**EXERCISE DETAILS**: Would you repeat each line below exactly, without the pictures?
### DATA RECORDS
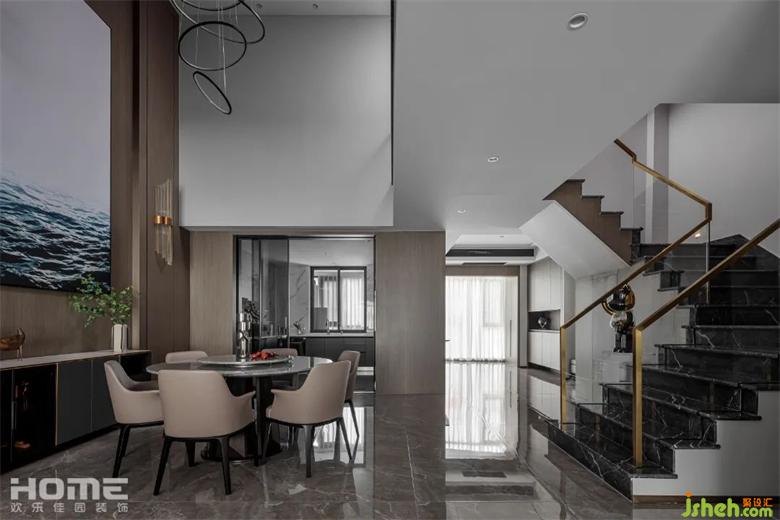 餐廳保留原有的挑高空間,增加視線感和空間感。別墅設(shè)計(jì)“空”出的餐廚廳空間呈開放式布局。與客廳形成連貫的洄游動(dòng)線,讓家人有更多共處的時(shí)間。
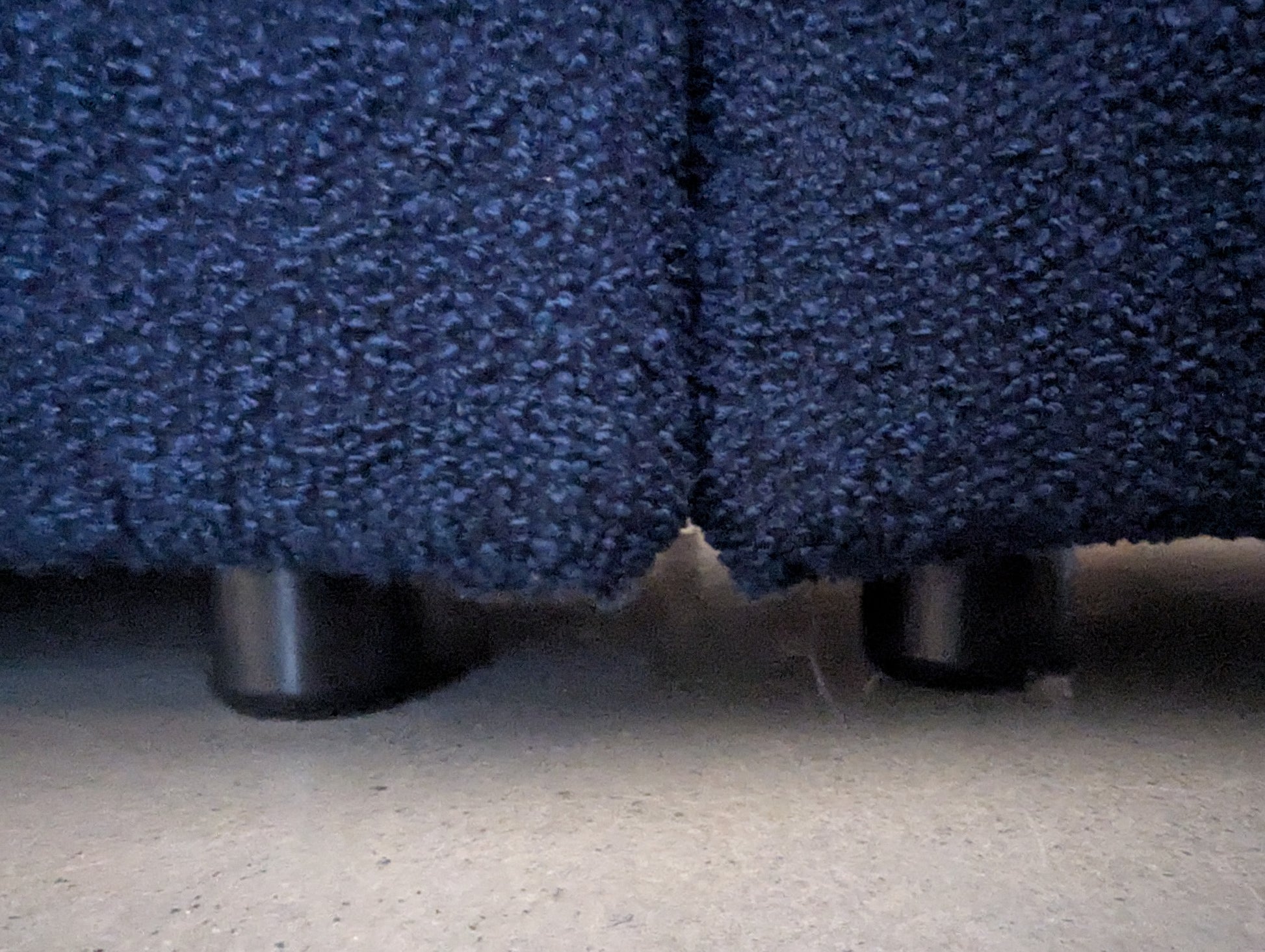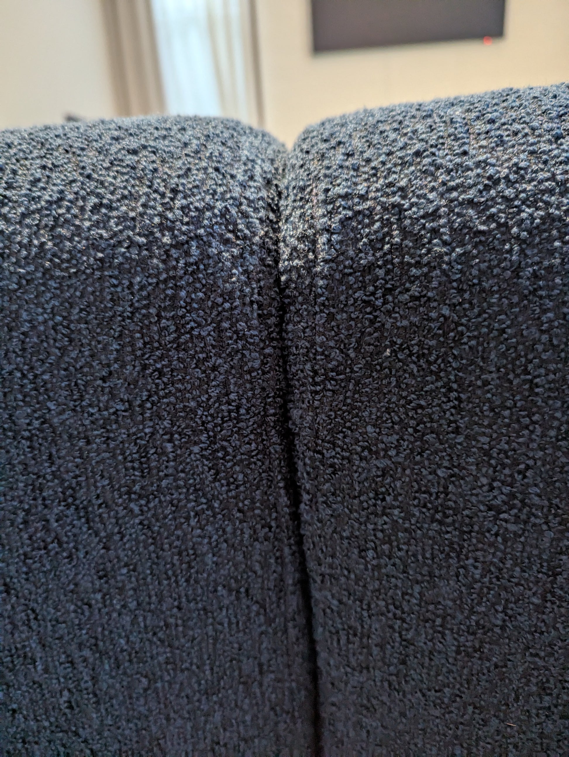Excellent condition. Some minimal pilling in between cushions and some anomalies with upholstering (as was delivered on original purchase). Full upholstered and pics provided of all wooden legs.
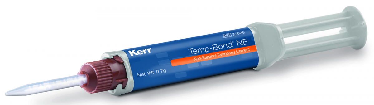 TEMPBOND NE Cemento provvisorio a base di ossido di zinco, senza eugenolo. Confezione: 2 siringhe automiscelanti da 11,7 gr cad. + 20 puntali automiscelanti
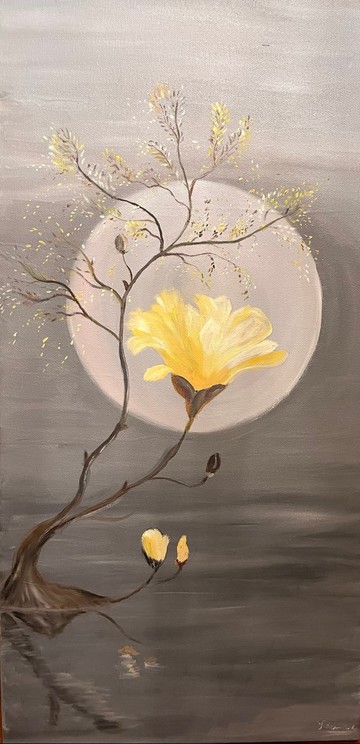 木蘭。花卉畫。3D 畫布上的油畫。交付時不帶框架。
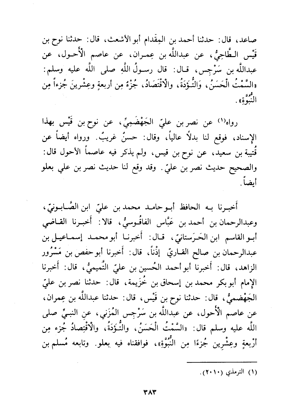 أخبرنا بِهِ الْحَافِظُ أَبُو حَامِدٍ مُحَمَّدُ بْنُ عَلِيِّ ابْنِ الصَّابُونِيِّ، وعبد الرحمن بْن أَحْمَد بْن عَبَّاسٍ الْفَاقُوسِيُّ، قَالا: أخبرنا الْقَاضِي أَبُو الْقَاسِمِ ابْنُ الْحَرَسْتَانِيِّ، قال: أَخْبَرَنَا أَبُو مُحَمَّدٍ إِسْمَاعِيلُ بْنُ عَبْدِ الرَّحْمَنِ بْنِ صَالِحٍ الْقَارِيُّ إِذْنًا، قال: أَخْبَرَنَا أَبُو حَفْصِ بْنُ مَسْرُورٍ الزَّاهِدُ، قال: أَخْبَرَنَا أَبُو أَحْمَدَ الْحُسَيْنُ بْنُ عَلِيٍّ التَّمِيمِيُّ، قال: أَخْبَرَنَا الإِمَامُ أَبُو بَكْر مُحَمَّد بْن إسحاق بْن خُزَيْمَةَ، قال: حَدَّثَنَا نَصْرُ بْنُ عَلِيٍّ الْجَهْضَمِيُّ، قال: حَدَّثَنَا نُوحُ بْنُ قَيْسٍ، قال: حَدَّثَنَا عَبد اللَّهِ بْنِ عِمْران، عَنْ عَاصِمٍ الأَحْوَلُ، عَنْ عَبد اللَّهِ بْنِ سَرْجِسَ الْمُزَنِيِّ، عَنِ النَّبِيِّ صَلَّى اللَّهُ عَلَيْهِ وسَلَّمَ قال: السَّمْتُ الْحَسَنُ، والتُّؤَدَةُ، والاقْتِصَادُ جُزْءٌ مِنْ أَرْبَعَةٍ وعِشْرِينَ جُزْءًا مِنَ النُّبُوَةِ"، فوَافَقْنَاهُ فِيهِ بِعُلُوٍّ. وتَابَعَهُ مُسْلِمُ بْن
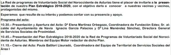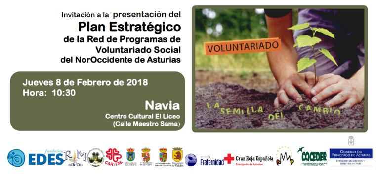 El Principado de Asturias y la Fundación EDES presentan el próximo 8 de febrero a las 10:30 horas en el Espacio cultural El Liceo, de Navia el Primer Plan Estratégico 2018-2020 de Voluntariado Social para el Área I.
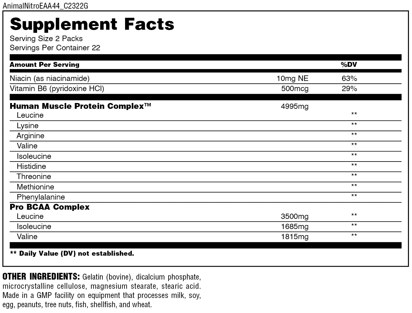 Each pack consists of a formula with a measured 6000 mg dose of uncoupled aminos. Once ingested, they quickly form a special bolus (a protective mass) that allows them to efficiently bypass the liver and enter systemic circulation, where they can exert their powerful effects. Animal Nitro uses ratios of specific and proven Essential Amino Acids (EEAs) that are modeled after human muscle tissues. This ensures superior and rapid absorption.
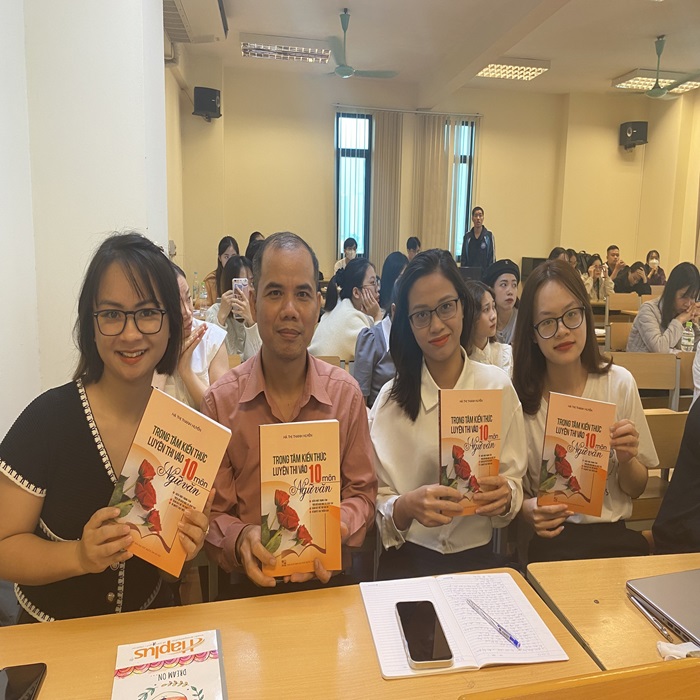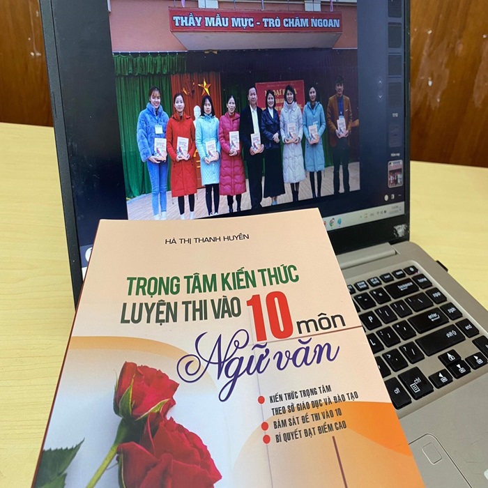 Cuốn sách trọng tâm kiến thức luyện thi vào 10 môn Ngữ văn được cô Hà Huyền tặng thầy cô Ban giám hiệu trường THCS Điêu Lương
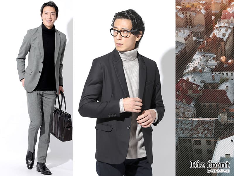 ビジネスカジュアルでもかっこいい!タートルネックとジャケット・スーツコーデビジネス・オフィス・スマートカジュアル専門通販。
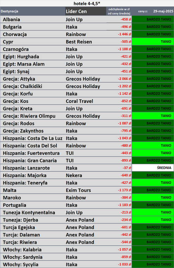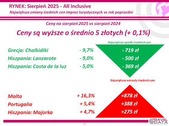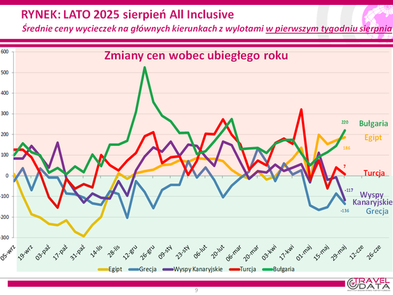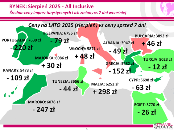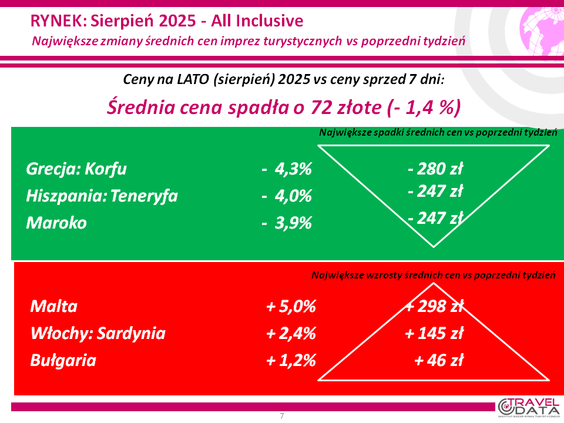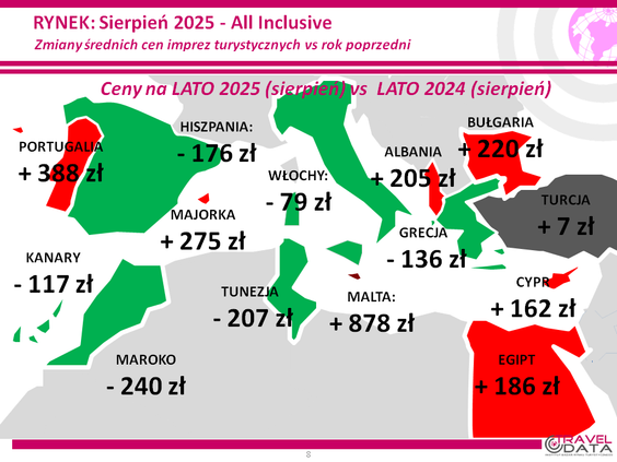Największy wzrost z kolei objął wakacje na Malcie - o 298 złotych, na Sardynii (poprzednio był tam znaczny spadek cen) – o 145 złotych, i w Bułgarii - o 46 złotych.
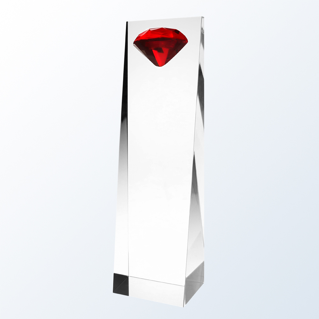 The Red Diamond Tower Crystal Award stands tall with commanding presence and flame-inspired styling. Its vertical faceted design and rich red accent embody leadership achievement and forward momentum.
######
**OUTPUT FOR THIS EXERCISE**:
 餐廳保留原有的挑高空間,增加視線感和空間感。別墅設(shè)計(jì)“空”出的餐廚廳空間呈開放式布局。與客廳形成連貫的洄游動(dòng)線,讓家人有更多共處的時(shí)間。
Excellent condition. Some minimal pilling in between cushions and some anomalies with upholstering (as was delivered on original purchase). Full upholstered and pics provided of all wooden legs.
 TEMPBOND NE Cemento provvisorio a base di ossido di zinco, senza eugenolo. Confezione: 2 siringhe automiscelanti da 11,7 gr cad. + 20 puntali automiscelanti
 木蘭。花卉畫。3D 畫布上的油畫。交付時不帶框架。
 أخبرنا بِهِ الْحَافِظُ أَبُو حَامِدٍ مُحَمَّدُ بْنُ عَلِيِّ ابْنِ الصَّابُونِيِّ، وعبد الرحمن بْن أَحْمَد بْن عَبَّاسٍ الْفَاقُوسِيُّ، قَالا: أخبرنا الْقَاضِي أَبُو الْقَاسِمِ ابْنُ الْحَرَسْتَانِيِّ، قال: أَخْبَرَنَا أَبُو مُحَمَّدٍ إِسْمَاعِيلُ بْنُ عَبْدِ الرَّحْمَنِ بْنِ صَالِحٍ الْقَارِيُّ إِذْنًا، قال: أَخْبَرَنَا أَبُو حَفْصِ بْنُ مَسْرُورٍ الزَّاهِدُ، قال: أَخْبَرَنَا أَبُو أَحْمَدَ الْحُسَيْنُ بْنُ عَلِيٍّ التَّمِيمِيُّ، قال: أَخْبَرَنَا الإِمَامُ أَبُو بَكْر مُحَمَّد بْن إسحاق بْن خُزَيْمَةَ، قال: حَدَّثَنَا نَصْرُ بْنُ عَلِيٍّ الْجَهْضَمِيُّ، قال: حَدَّثَنَا نُوحُ بْنُ قَيْسٍ، قال: حَدَّثَنَا عَبد اللَّهِ بْنِ عِمْران، عَنْ عَاصِمٍ الأَحْوَلُ، عَنْ عَبد اللَّهِ بْنِ سَرْجِسَ الْمُزَنِيِّ، عَنِ النَّبِيِّ صَلَّى اللَّهُ عَلَيْهِ وسَلَّمَ قال: السَّمْتُ الْحَسَنُ، والتُّؤَدَةُ، والاقْتِصَادُ جُزْءٌ مِنْ أَرْبَعَةٍ وعِشْرِينَ جُزْءًا مِنَ النُّبُوَةِ"، فوَافَقْنَاهُ فِيهِ بِعُلُوٍّ. وتَابَعَهُ مُسْلِمُ بْن
 El Principado de Asturias y la Fundación EDES presentan el próximo 8 de febrero a las 10:30 horas en el Espacio cultural El Liceo, de Navia el Primer Plan Estratégico 2018-2020 de Voluntariado Social para el Área I.
 Each pack consists of a formula with a measured 6000 mg dose of uncoupled aminos. Once ingested, they quickly form a special bolus (a protective mass) that allows them to efficiently bypass the liver and enter systemic circulation, where they can exert their powerful effects. Animal Nitro uses ratios of specific and proven Essential Amino Acids (EEAs) that are modeled after human muscle tissues. This ensures superior and rapid absorption.
 Cuốn sách trọng tâm kiến thức luyện thi vào 10 môn Ngữ văn được cô Hà Huyền tặng thầy cô Ban giám hiệu trường THCS Điêu Lương
 ビジネスカジュアルでもかっこいい!タートルネックとジャケット・スーツコーデビジネス・オフィス・スマートカジュアル専門通販。
Największy wzrost z kolei objął wakacje na Malcie - o 298 złotych, na Sardynii (poprzednio był tam znaczny spadek cen) – o 145 złotych, i w Bułgarii - o 46 złotych.
 The Red Diamond Tower Crystal Award stands tall with commanding presence and flame-inspired styling. Its vertical faceted design and rich red accent embody leadership achievement and forward momentum.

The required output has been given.